Simple daily exercises you can put in place as a parent to help everyone live a fuller, more meaningful life.
If you’re inwardly kicking yourself for handing over the lollipop or the iPhone just so you can complete your grocery check-out without a scene, don’t panic. There’s a one-word antidote to the ugliness of entitlement — gratitude.
Most of us in the western world have an excess of stuff. A walk through Walmart is a good metaphor for many of our lives — overstimulating, excessive, and emphasis of quantity over quality. Just so. much. stuff. Advertisements on every screen and at every turn tell us we need more, different, better, newer. That what we have is not good enough, and that we’re missing out. That life will be fuller, more meaningful and fun if only we run out and buy XYZ. We absorb the message — and so do our kids.
In an effort to stop constantly tripping over things and to live more minimally — a concept that can only be taken so far in a household of eight — this spring I packed up half a dozen large bags of toys, clothes, books and other items from out of my kids’ rooms, and triumphantly raced to Goodwill to drop them off before any of the previous owners had a chance to protest. I discovered that since they still had plenty of other things to play with, and since I didn’t remove anyone’s favorite thing, my kids barely even noticed that a significant number of their possessions had gone missing.
We have so much. And yet we continue to add to the piles, and our kids continue to lose appreciation for the things they have, while at the same time wanting more.
What can we do?
A new study published in the Journal of Positive Psychology suggests that the remedy to what ails us lies in developing the important character trait of gratitude. The researchers studied a nationwide sample of more than 900 adolescents between the ages of 11 and 17, and found that increasing gratitude in the youth can not only decrease materialism, but also increase generosity.
They also conducted an experiment among 61 youth, who were asked to complete an eight-item measure of materialism and a four-item measure of gratitude assessing how thankful they were for the people and possessions in their lives.
The youth were then randomly assigned to keep a daily journal. One group was asked to record who and what they were thankful for each day, and the other group was simply asked to record their daily activities. After two weeks, the journals were collected and the participants were asked to take the same materialism and gratitude assessment again. The youth were also given ten $1 bills and told they could keep the money, or donate some or all of it to charity.
The group that kept the gratitude journal showed a significant decrease in materialism and an increase in gratitude, while the control group showed no change.
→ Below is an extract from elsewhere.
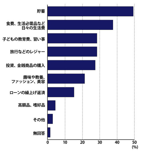 結果、最も多かった回答は「貯蓄」で49.3%を占めた。年金不安など社会保障の先行きに不透明感があることなどが理由だろう。続いて「食費、生活必需品など日々の生活費」。3位が「子供の教育費、習い事」だった。回答から見る限り、積極的に消費を増やそうという意識はあまり強くはなさそうだ。個人消費を喚起するという政府のもくろみ通りにはいきそうもない姿が浮かび上がる。

Not only that, but the group that kept the gratitude journal was more generous than the other group, donating more of their earnings to charity.
What can we do to increase gratitude and decrease materialism and a sense of entitlement in our kids — and in ourselves?
The study authors suggest a “daily gratitude reflection” around the dinner table, having children and adolescents make posters of what they are grateful for, or keeping a “gratitude jar” where children and teens write down something they’re grateful for each week.”
Leading the way in our conversation, attitudes and habits is important, as is including prayers of thanksgiving as a part of our prayers with our kids. Paring down material excesses and taking a slower and more thoughtful approach to our purchases can help. Having our children take the time to work to ‘earn” something they want, instead of being quick to fulfill their wants, can help. I plan to do these things with my own children. And as I’m asking them “What you are thankful for today?” I’ll be asking myself, too.